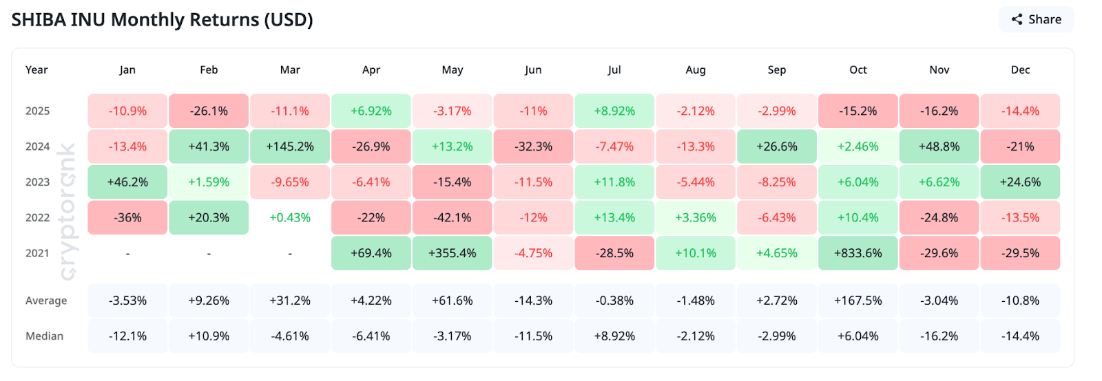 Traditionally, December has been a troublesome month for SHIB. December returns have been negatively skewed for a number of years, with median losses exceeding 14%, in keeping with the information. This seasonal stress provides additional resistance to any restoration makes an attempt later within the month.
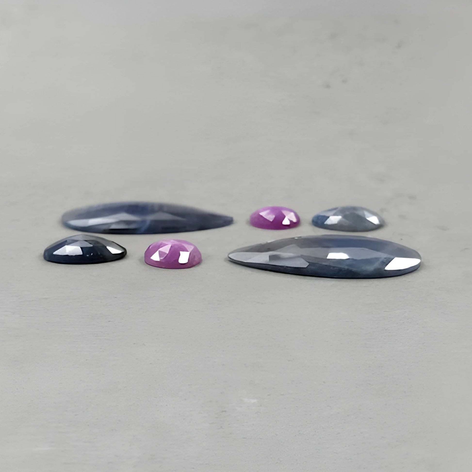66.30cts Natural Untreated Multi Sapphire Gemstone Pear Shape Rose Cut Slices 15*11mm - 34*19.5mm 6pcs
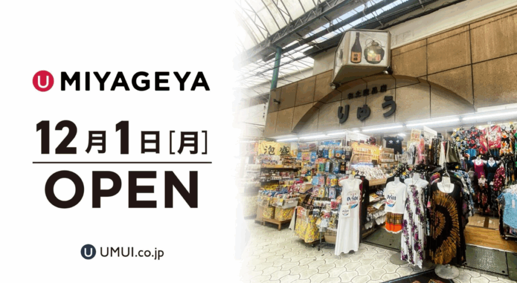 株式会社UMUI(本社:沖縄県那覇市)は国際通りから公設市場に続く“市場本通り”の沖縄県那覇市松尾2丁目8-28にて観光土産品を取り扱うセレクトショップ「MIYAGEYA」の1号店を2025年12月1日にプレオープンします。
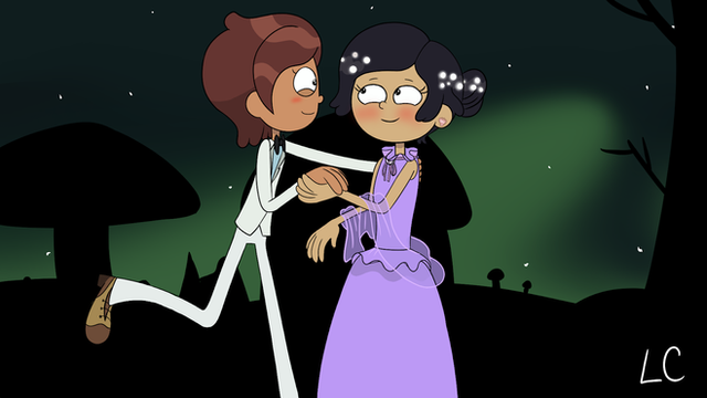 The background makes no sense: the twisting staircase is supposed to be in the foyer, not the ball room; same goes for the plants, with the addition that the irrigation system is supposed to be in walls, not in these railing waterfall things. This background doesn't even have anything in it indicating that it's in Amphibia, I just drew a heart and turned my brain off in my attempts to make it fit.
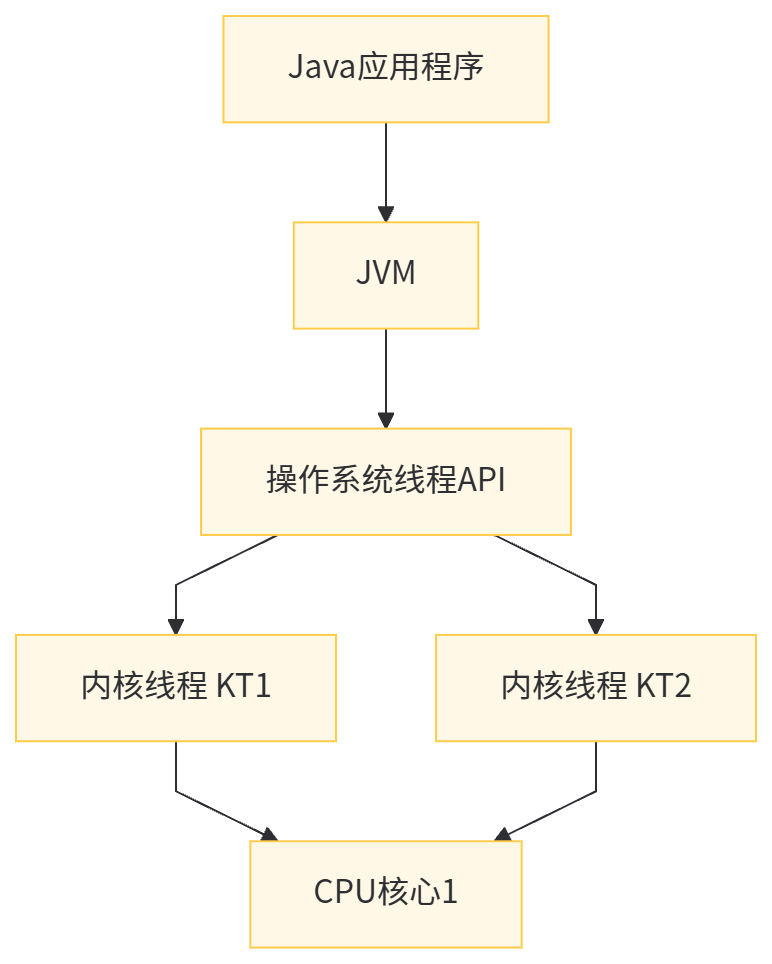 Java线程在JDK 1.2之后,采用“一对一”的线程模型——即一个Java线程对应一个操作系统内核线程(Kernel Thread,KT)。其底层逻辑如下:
==
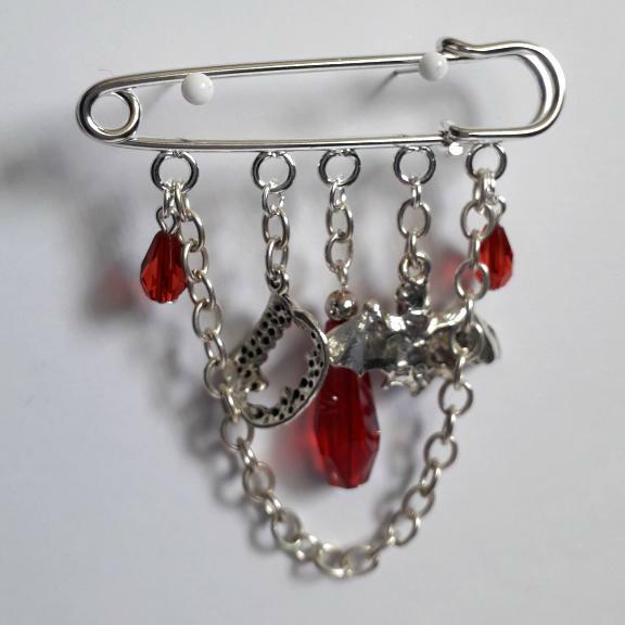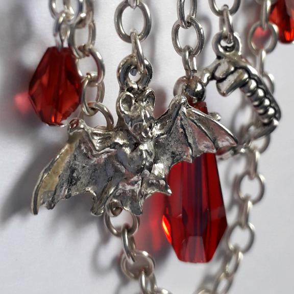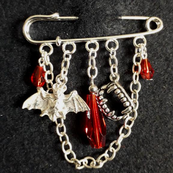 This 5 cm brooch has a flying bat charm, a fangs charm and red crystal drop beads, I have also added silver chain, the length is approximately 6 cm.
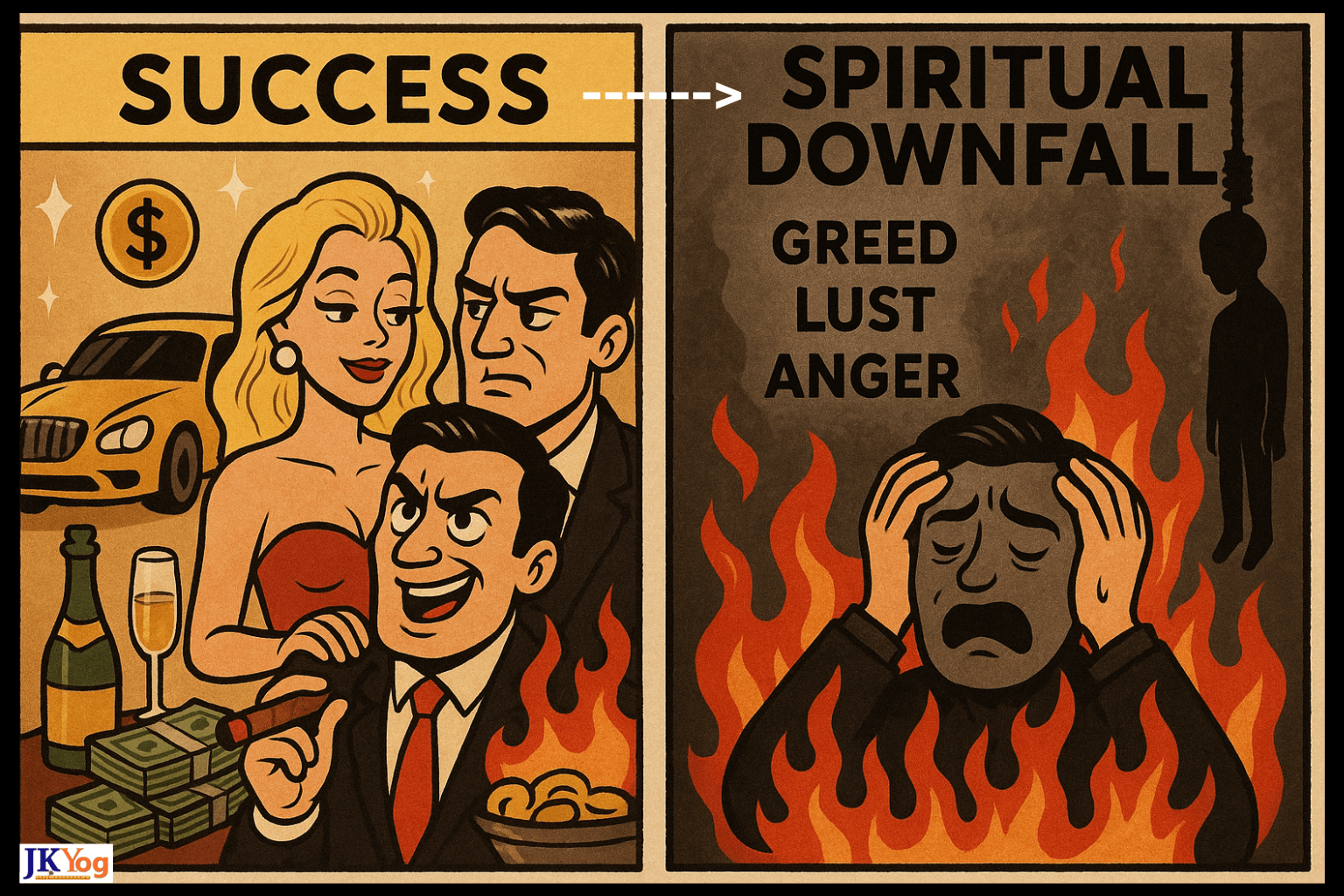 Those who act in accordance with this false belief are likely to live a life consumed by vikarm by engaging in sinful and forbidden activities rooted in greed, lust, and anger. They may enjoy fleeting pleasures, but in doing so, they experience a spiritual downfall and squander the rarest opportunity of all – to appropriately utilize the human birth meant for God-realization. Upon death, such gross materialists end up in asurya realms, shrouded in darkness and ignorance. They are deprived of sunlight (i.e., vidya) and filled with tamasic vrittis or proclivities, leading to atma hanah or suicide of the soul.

Your task: With the pictures omitted, print the lines above exactly, beginning at the line with "Traditionally, December has" and going on through the line with "株式会社UMUI(本社:沖縄".

Answer to the problem:
 Traditionally, December has been a troublesome month for SHIB. December returns have been negatively skewed for a number of years, with median losses exceeding 14%, in keeping with the information. This seasonal stress provides additional resistance to any restoration makes an attempt later within the month.
66.30cts Natural Untreated Multi Sapphire Gemstone Pear Shape Rose Cut Slices 15*11mm - 34*19.5mm 6pcs
 株式会社UMUI(本社:沖縄県那覇市)は国際通りから公設市場に続く“市場本通り”の沖縄県那覇市松尾2丁目8-28にて観光土産品を取り扱うセレクトショップ「MIYAGEYA」の1号店を2025年12月1日にプレオープンします。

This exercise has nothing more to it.